Le processus électoral est «un travail permanent et constant et non conjoncturel», a indiqué, hier, le président de la Haute instance indépendante de surveillance des élections (Hiise) Abdelwahab Derbal. Le parfaire «exige le respect de la loi et la contribution de tout un chacun pour aboutir à des élections propres et intègres», a soutenu M. Derbal sur les ondes de la Radio nationale. En plus des moyens et textes organisationnels relatifs aux élections, le président de la Hiise a mis en avant l’importance de la formation de tous les intervenants dans le processus électoral, y compris les membres de l’Instance. Il a rappelé que des sessions de formation ont été organisées en 2018 sur les missions de la Hiise qui doit être «une instance de surveillance reposant sur des bases scientifiques efficientes». A propos de la révision et de l’assainissement des listes électorales dans les communes, le même responsable a insisté sur la formation des agents en charge de cette mission. S’exprimant sur la convocation du corps électoral pour l’organisation de la présidentielle dans les délais, il dira que cette démarche «illustre clairement que l’Algérie assure le premier gage dans le processus démocratique», considérant que le respect des délais des échéances faisait partie «des plus importantes normes internationales de bonne gouvernance».

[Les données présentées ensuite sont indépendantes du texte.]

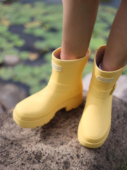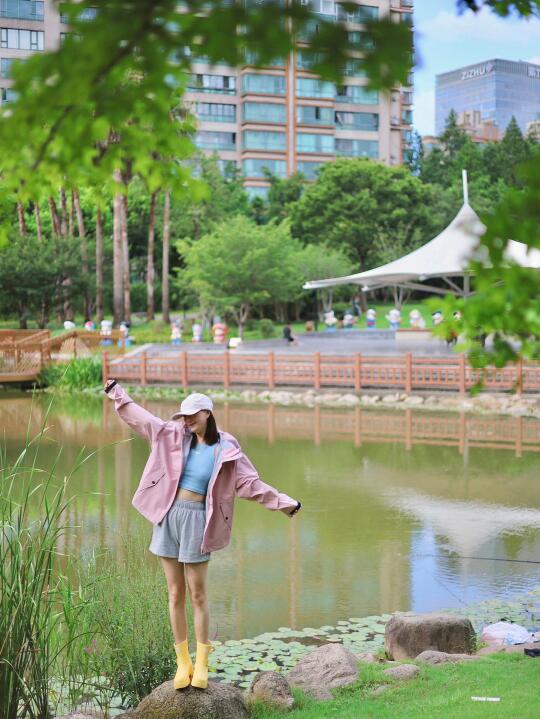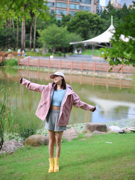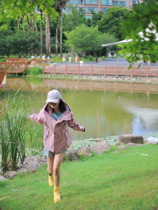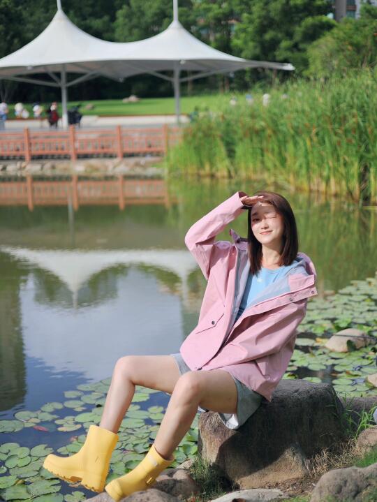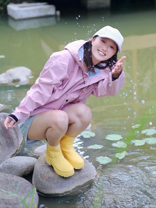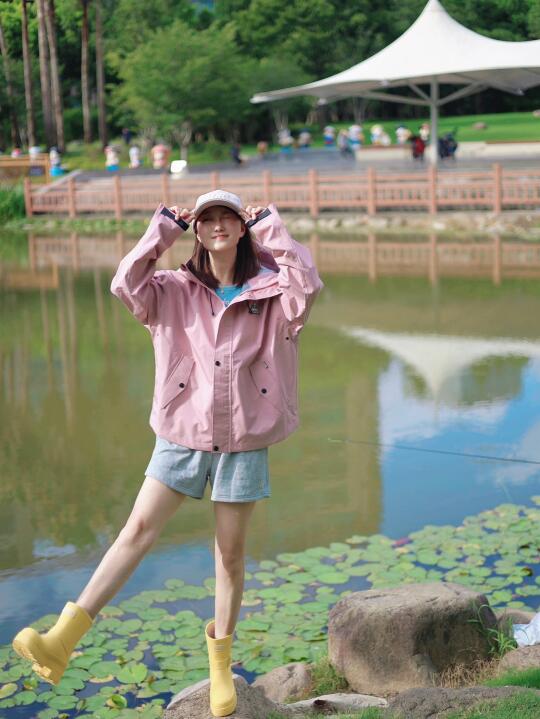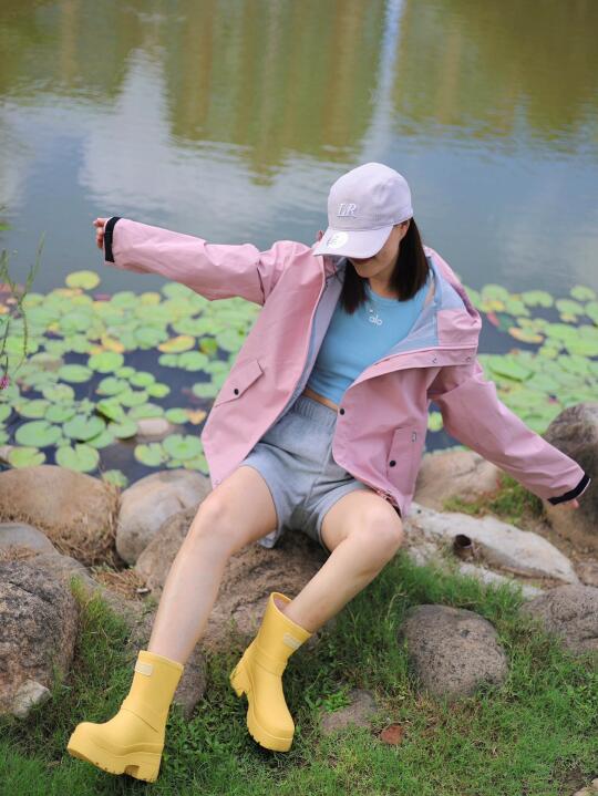 粉色冲锋衣🧥➕黄色短筒骑士雨靴👢,

De nouveaux membres nommés par Bouteflika
Par ailleurs, la Hiise accueille de nouveaux membres nommés par décret présidentiel publié au dernier Journal Officiel. Au nombre de 20 magistrats et 13 «compétences indépendantes», choisies parmi la société civile, ces nouveaux membres viennent remplacer d’anciens membres au sein de cette instance chargée de superviser le déroulement du scrutin présidentiel dans ses différentes étapes. La nomination des magistrats s’est faite suite aux propositions émanant du Conseil supérieur de la magistrature, alors que les  «compétences indépendantes» sont nommées, par le même décret, suite aux propositions faites par le Comité ad hoc chargé de proposer ce type de profil. La présidentielle d’avril prochain sera le premier rendez-vous électoral du genre dans l’histoire de l’Algérie à se dérouler sous la supervision de la Hiise. D’où apparemment la décision prise par le président de la République de lui insuffler un nouveau souffle par la nomination en son sein de nouveaux membres et de rendre son intervention plus efficace dans le cadre d’un scrutin décisif pour l’avenir du pays.